I heard Henry Hudsons.

----------


## Jesseda

lol henry hudson right next to buffalo wild wings, man thats going to turn it into a bad area at night

----------


## SeinfeldBlock

> Can we park there to eat at Buffalo now?  Or are we going to risk getting towed?


That is exactly what I thought when I heard the news....lol.

----------


## yukong

> I heard Henry Hudsons.


I spoke to a Russell Stover representative today and was told that indeed, Henry Hudsons has bought the building and land.  Russell Stover owned the land and structure, and Henry Hudsons offered them too much to pass.  She said that RS had been making a profit for the past 2 years, but were just offered too much money.  They are apparently looking for another place in that area to build.

----------


## Martin

^
very interesting news.  also glad to hear that there's a chance for rs to open up another store in the same general area.  -M

----------


## Easy180

Interesting...Gone from practically no bars in Moore to 4 now(?) with Louie's also going in...Good thing is the bars will have to have some solid happy hour pricing to compete with Hudson's 30 watered down beers for $10

Wild Wings and McGuinness will certainly be affected by a HH and a Louie's coming into town

----------


## Luke

> Russell Stover owned the land and structure, and Henry Hudsons offered them too much to pass.  She said that RS had been making a profit for the past 2 years, but were just offered too much money.  They are apparently looking for another place in that area to build.


Everybody has a price...

----------


## russellc

Russell Stover should look into leasing space in the shopping center by Alfredo's, rather than building new, again.  I think the overhead would be lower.

----------


## teachergirl

well the store at north may has a continuous empty parking lot.  why in the world would they build another one in moore??

----------


## russellc

because as yukong mentioned, they were making a profit

----------


## bluedogok

> Russell Stover should look into leasing space in the shopping center by Alfredo's, rather than building new, again.  I think the overhead would be lower.

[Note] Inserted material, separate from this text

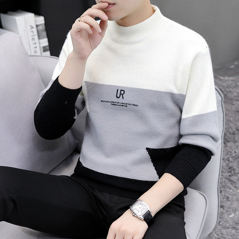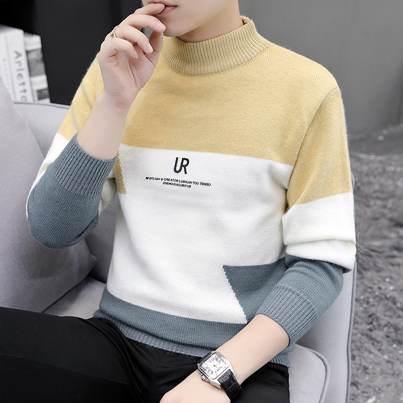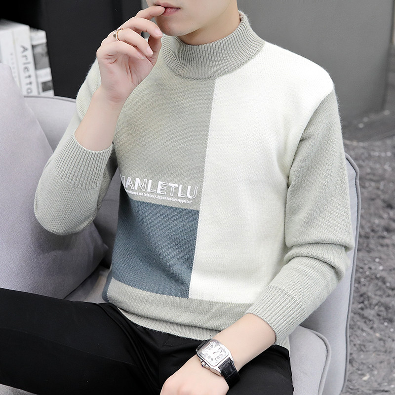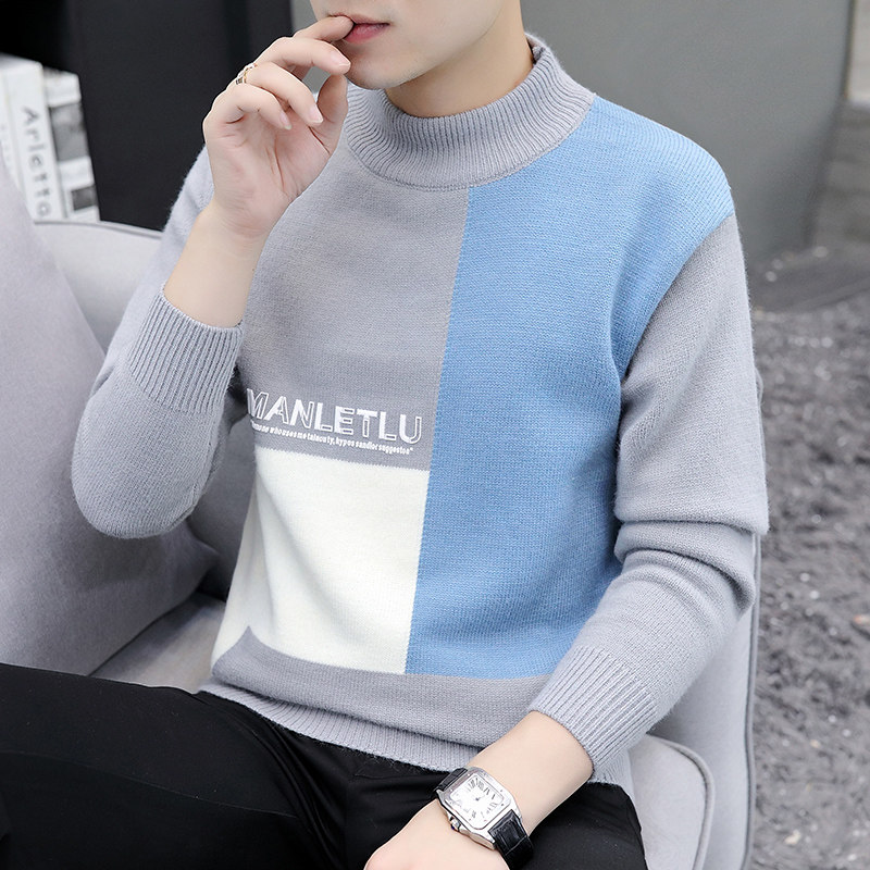 Semi-turtleneck sweater male handsome stitching color mid-collar knitted base shirt autumn and winter Korean slim trend sanitary clothing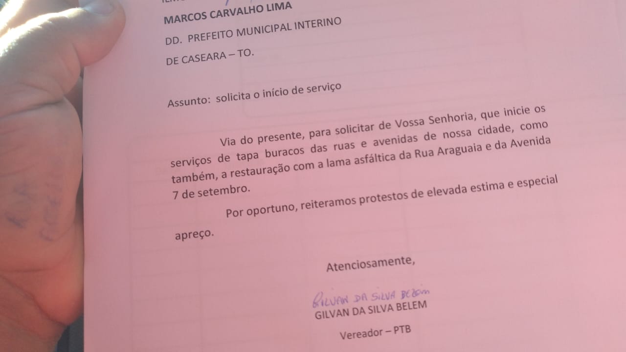 Oficio assinado pelo vereador Gilvan do Felício ao prefeito Marcos do Chico - Foto: Ascom Divulgação

It depends, they evidently made a pretty good profit investing in their own location or else they wouldn't have sold out to Hudson's.




> well the store at north may has a continuous empty parking lot.  why in the world would they build another one in moore??

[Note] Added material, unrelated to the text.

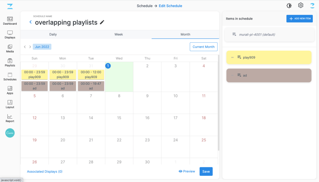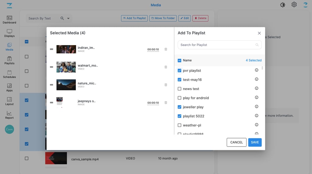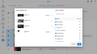 5. Multiple media to multiple playlist association: This workflow of adding one or more media to one or more playlists saves a lot of time and effort when managing bigger display networks. What could probably be a 100 click activity can be done in just a few clicks with this flow. This feature was added based on customer feedback and they were elated upon implementation.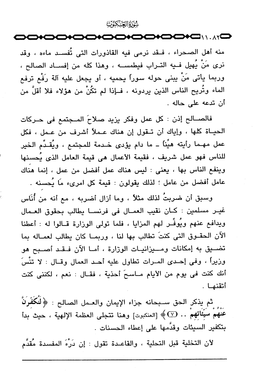 منه أهل الصحراء، فقد نرمي فيه القاذورات التي تُفسد ماءه، وقد نرى مَنْ يُهيل فيه التراب فيطمسه، وهذا كله من إفساد الصالح، وربما يأتي مَنْ يبني حوله سوراً يحميه، أو يجعل عليه آلة رَفْع ترفع الماء وتُريح الناس الذين يردونه، فإذا لم تكُنْ من هؤلاء فلا أقلَّ من أن تدعه على حاله.

It is the type of businees where people are in/out in a hurry, cars don't stay in the lot very long. They may have a pretty hefty call-in business much like a florist shop.

----------


## CS_Mike

I heard the other day that this building was actually going to become an Old Chicago rather than a Hudson's.  This came from my mortgage rep who says that she is on the Chamber of Commerce.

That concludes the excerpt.